TASK — Please repeat each line from the one holding "Clean White Ceramic" through the final line of the data, exactly as it stands, with no pictures.

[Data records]
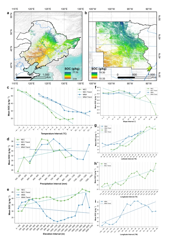 土壤有機(jī)碳(Soil Organic Carbon,SOC)在全球碳循環(huán)中發(fā)揮著關(guān)鍵作用,是全球最大的陸地有機(jī)碳庫。然而,關(guān)于中國東北黑土區(qū)(NEC)和北美密西西比河流域黑土區(qū)(MNA)SOC含量的空間分布格局及其與環(huán)境因子(氣候、地形等)的關(guān)系仍不清晰,制約了跨區(qū)域碳管理與精準(zhǔn)保護(hù)的科學(xué)支撐。
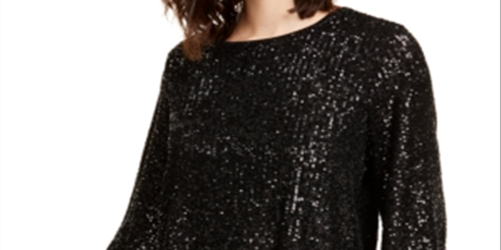 Alfani Women's Sequined Bell Sleeve Top Black Size Petite Small
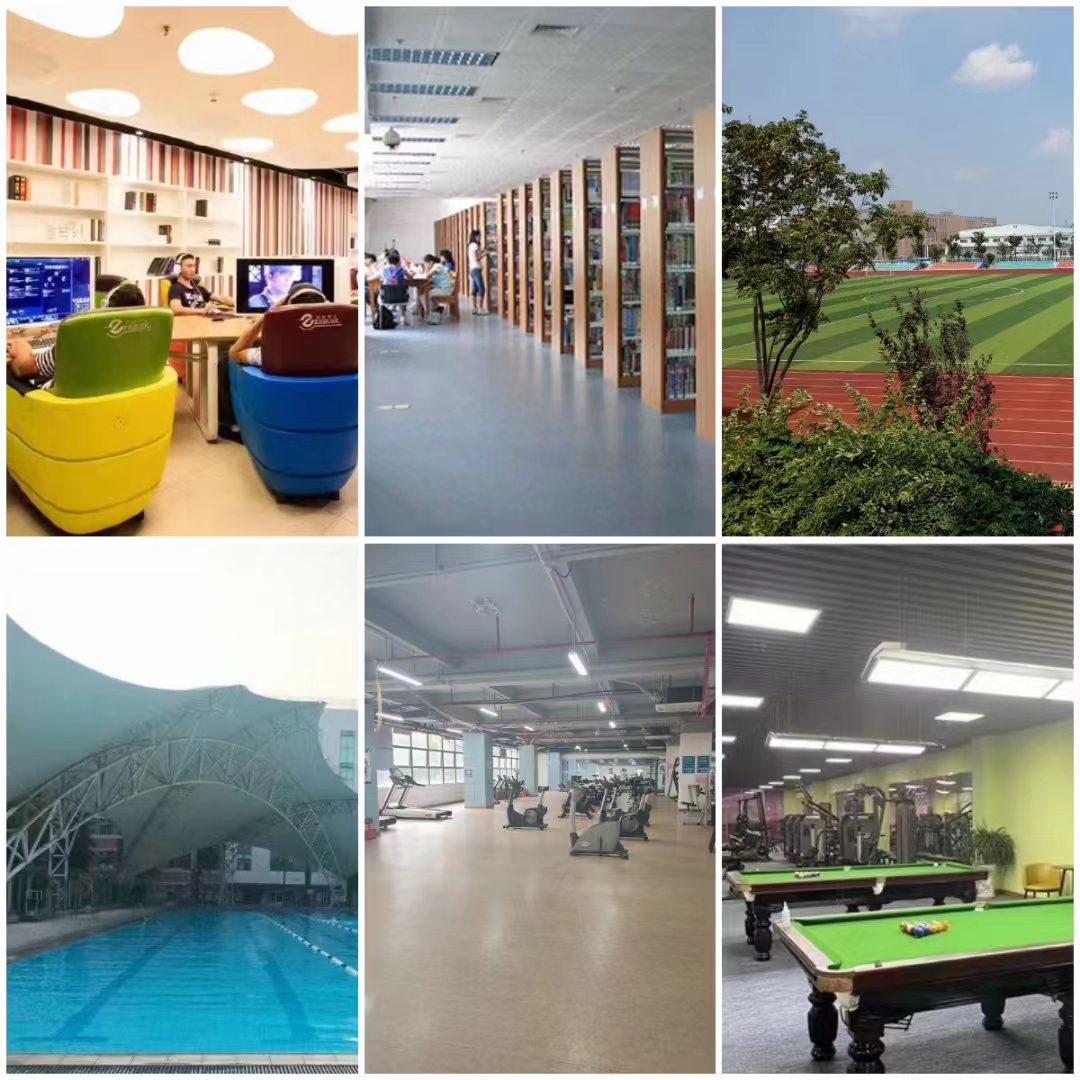 ·休闲娱乐设施 :健身房、游泳池、舞蹈室、电子竞技室,图书馆,
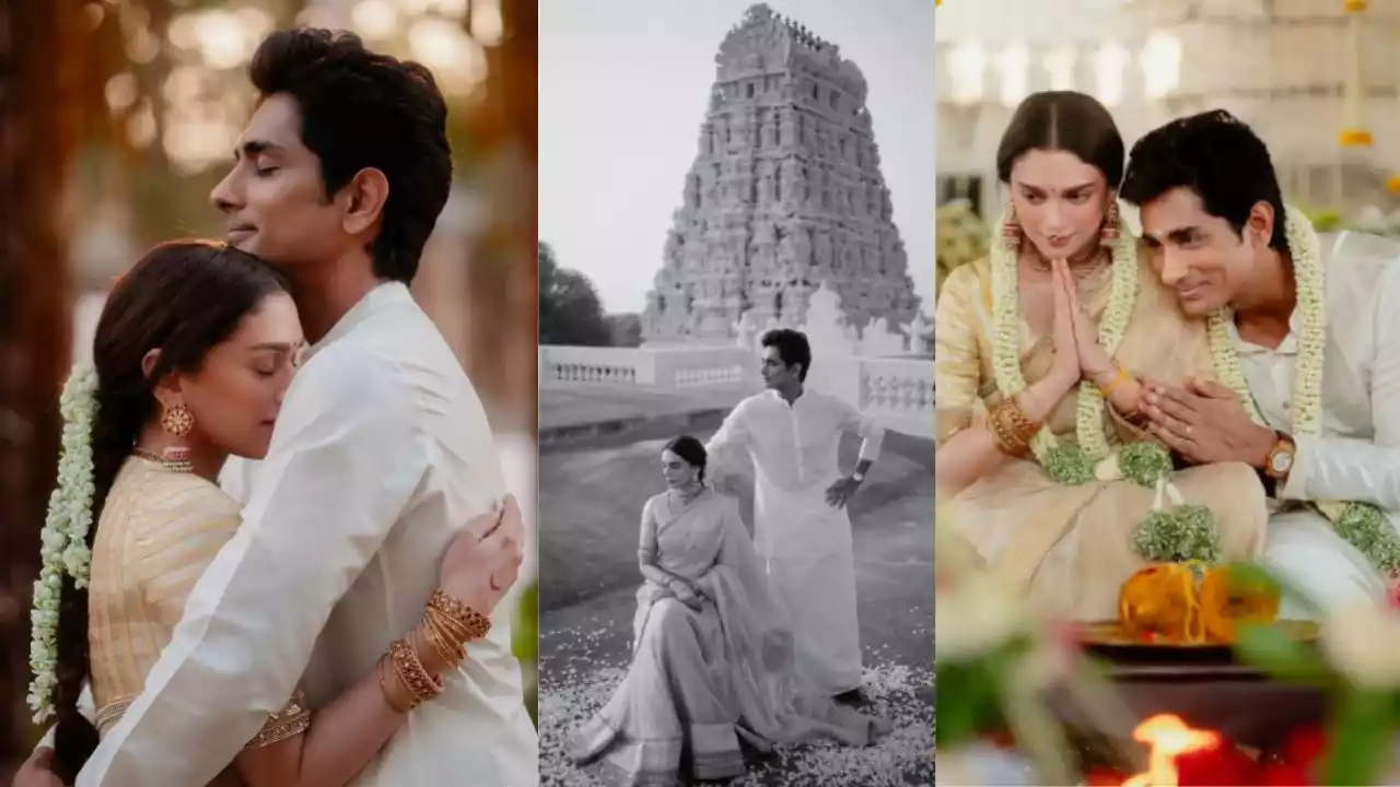 Aditi Hydari met actor Siddharth while filming Maha Samudram in 2021, and they started dating later that year. The couple announced their engagement on March 28, 2024, and were married on September 16, 2024. The couple announced their union with a series of beautiful pictures on Instagram, with the caption, "You are my Sun, my Moon, and all my Stars…’ To being Pixie Soulmates for eternity…to laughter, to never growing up…To Eternal Love, Light & Magic ❤️Mrs & Mr Adu-Siddhu 💫."
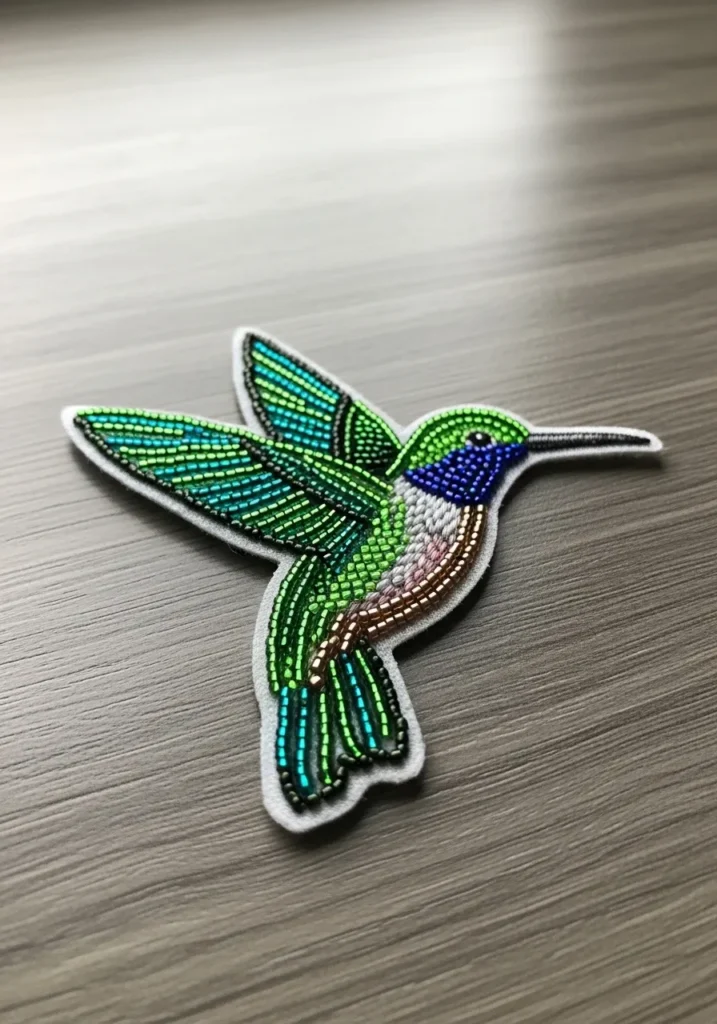 Shimmering Hummingbird Bead Embroidery Patch
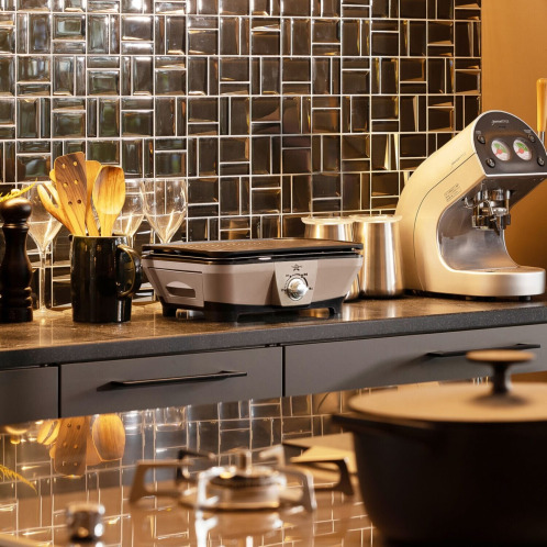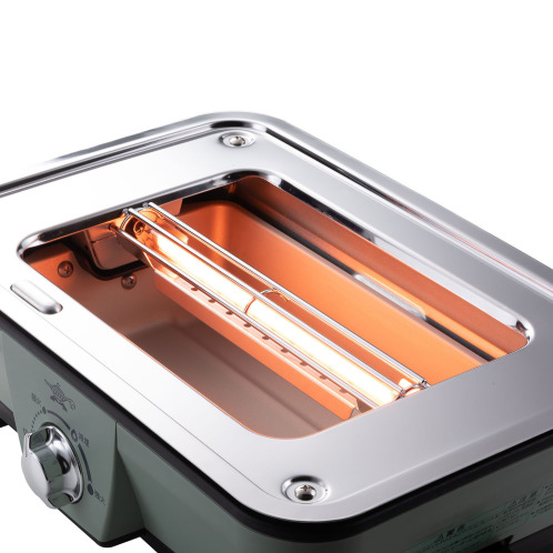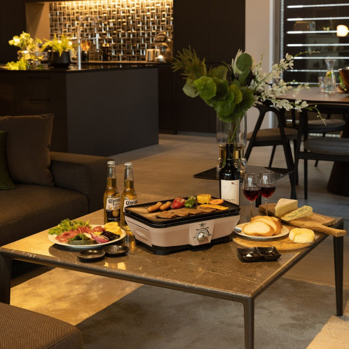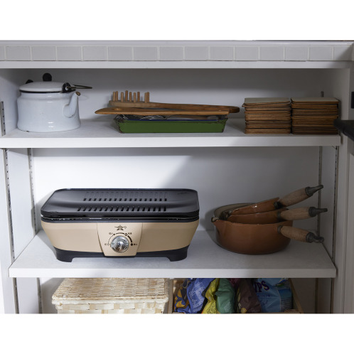 予熱が速く、短時間で備長炭相当の約1,300℃まで高温になるため、ヒーターから出る輻射熱と、温まったプレートによる伝導熱、プレート下の熱気による対流熱のトリプル効果で、食材に余計な熱を与えず、素早くこんがりと、中までふっくら焼き上げます。
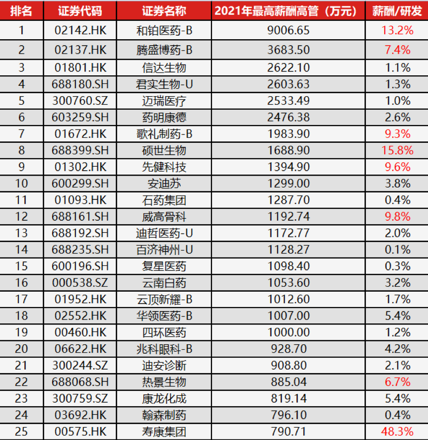 TOP 100药企高管的平均薪酬为797万元,上榜门槛为323万元。其中,有19家公司其薪酬最高高管的工资已经超公司总体研发成本的6%,但也有很多上榜高管其工资占比不到研发总支出的1%。
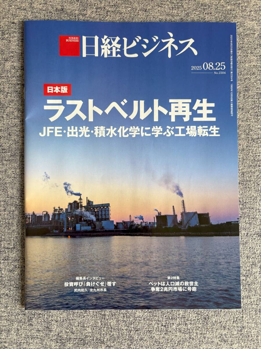 > ★日経ビジネス 日本版 ラストベルト再生 JFE 出光 積水化学に学ぶ工場転生 ペットは人口減の救世主 飼い主の愛情 争奪2兆円市場 2025.8.25
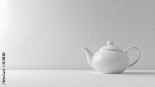 Clean White Ceramic Teapot with Smooth Curved Design on Plain Background
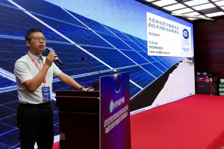 TüV南德大中華區(qū)南區(qū)光伏及儲能事業(yè)部資深項目經(jīng)理吳候福先生針對 “光伏+電化學儲能電站技術風險和安全要求” 作主題演講
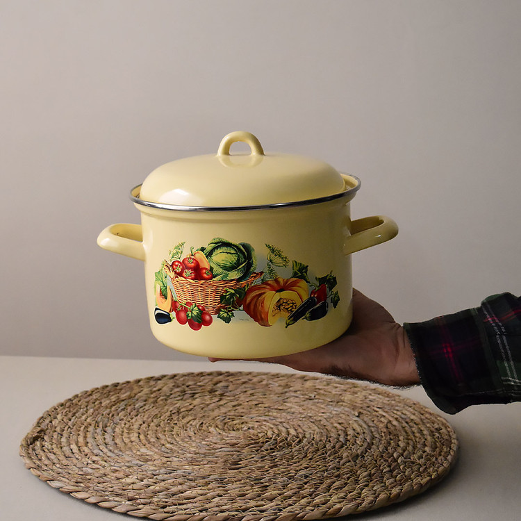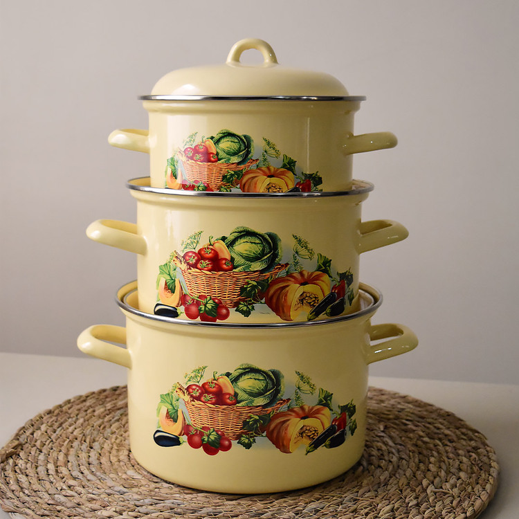 سرویس قابلمه لعابی روسی طرح کدو لبه استیل-مدل خمره ای
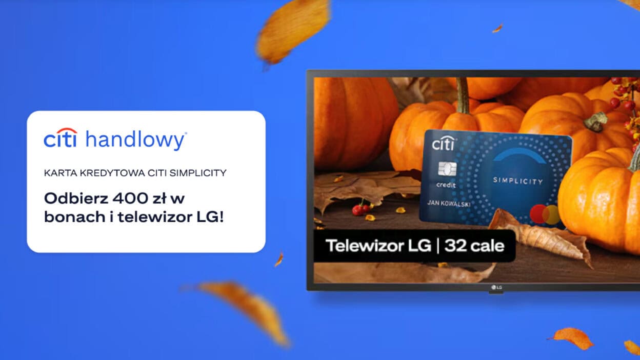 Bank Citi Handlowy ruszył z kolejną ciekawą promocją, która mocno wyróżnia się na tle konkurencji. Dzięki niej możesz zgarnąć telewizor LG 32” Full HD o wartości 866 zł, a dodatkowo nawet 400 zł w punktach Bezcenne Chwile, które wymienisz m.in. na bony do Allegro czy bilety do kina.
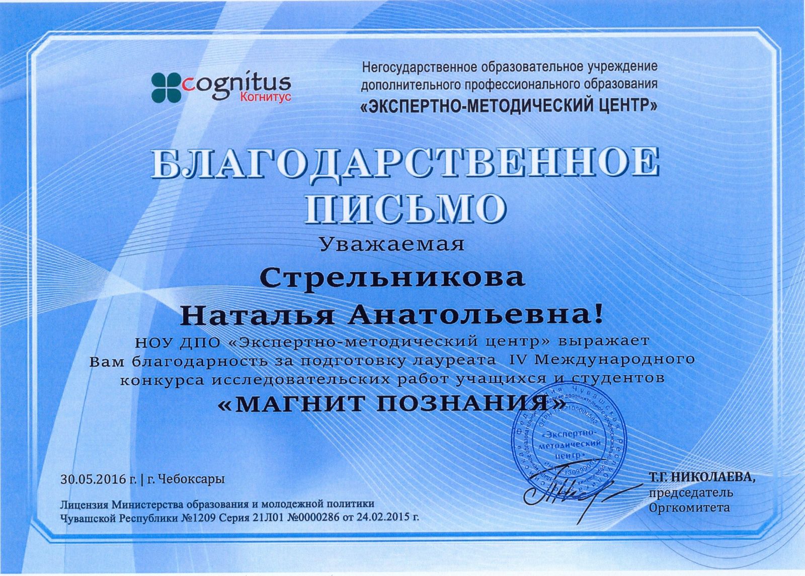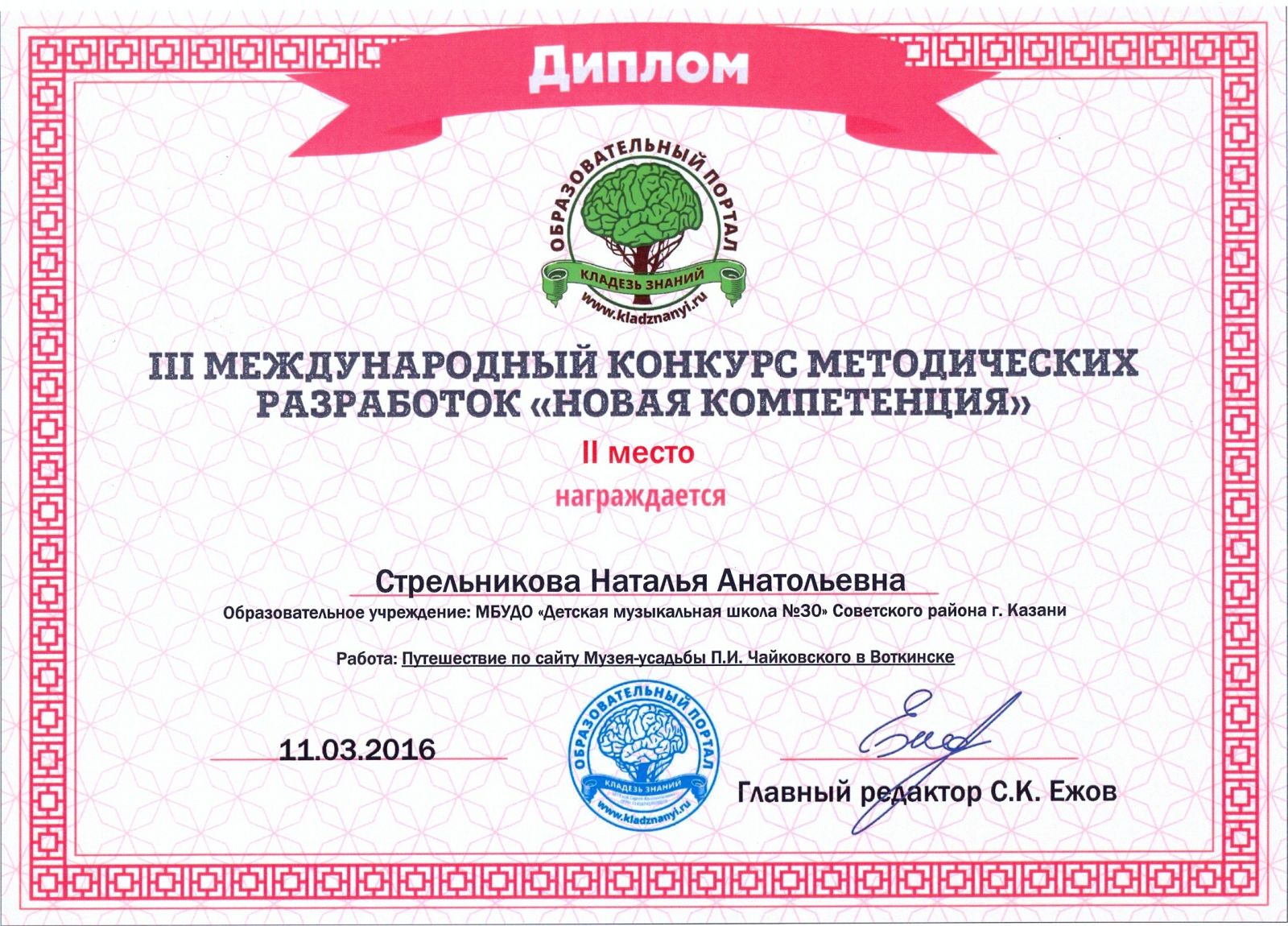 III Международный конкурс метадических разработок "Новая компетенция" - Стрельникова Н.А. - II место
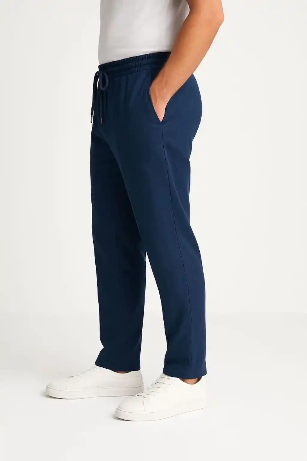 Erkek Keten Pantolon – Cepli, Beli Lastikli ve Bağcıklı, Nefes Alan Rahat Kalıp, Yazlık ve Baharlık Günlük Giyim, Şık & Konforlu Boru Paça Model - Lacivert
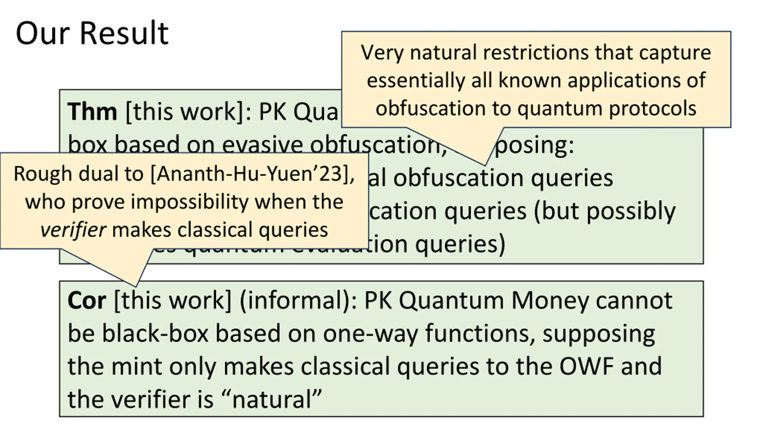 Our Result Very natural restrictions that capture essentially all known applications of obfuscation to quantum protocols Thm [this work]: PK Quantum Money cannot be black- box based on evasive obfuscation, supposing: Mint only makes classical obfuscation queries Verifier makes no obfuscation queries (but possibly makes quantum evaluation queries) Rough dual to [Ananth-Hu-Yuen 23], who prove impossibility when the verifier makes classical queries Cor [this work] (informal): PK Quantum Money cannot be black-box based on one-way functions, supposing the mint only makes classical queries to the OWF and the verifier is natural
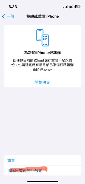 目前清除所有內容和設定後,
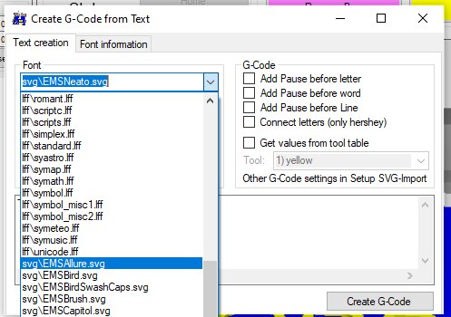 在“从文本创建 G 代码”窗口中,我可以在字体部分(“data\fonts***”)中看到 LibraCad 字体,

EXERCISE SOLUTION —
 Clean White Ceramic Teapot with Smooth Curved Design on Plain Background
 TüV南德大中華區(qū)南區(qū)光伏及儲能事業(yè)部資深項目經(jīng)理吳候福先生針對 “光伏+電化學儲能電站技術風險和安全要求” 作主題演講
 سرویس قابلمه لعابی روسی طرح کدو لبه استیل-مدل خمره ای
 Bank Citi Handlowy ruszył z kolejną ciekawą promocją, która mocno wyróżnia się na tle konkurencji. Dzięki niej możesz zgarnąć telewizor LG 32” Full HD o wartości 866 zł, a dodatkowo nawet 400 zł w punktach Bezcenne Chwile, które wymienisz m.in. na bony do Allegro czy bilety do kina.
 III Международный конкурс метадических разработок "Новая компетенция" - Стрельникова Н.А. - II место
 Erkek Keten Pantolon – Cepli, Beli Lastikli ve Bağcıklı, Nefes Alan Rahat Kalıp, Yazlık ve Baharlık Günlük Giyim, Şık & Konforlu Boru Paça Model - Lacivert
 Our Result Very natural restrictions that capture essentially all known applications of obfuscation to quantum protocols Thm [this work]: PK Quantum Money cannot be black- box based on evasive obfuscation, supposing: Mint only makes classical obfuscation queries Verifier makes no obfuscation queries (but possibly makes quantum evaluation queries) Rough dual to [Ananth-Hu-Yuen 23], who prove impossibility when the verifier makes classical queries Cor [this work] (informal): PK Quantum Money cannot be black-box based on one-way functions, supposing the mint only makes classical queries to the OWF and the verifier is natural
 目前清除所有內容和設定後,
 在“从文本创建 G 代码”窗口中,我可以在字体部分(“data\fonts***”)中看到 LibraCad 字体,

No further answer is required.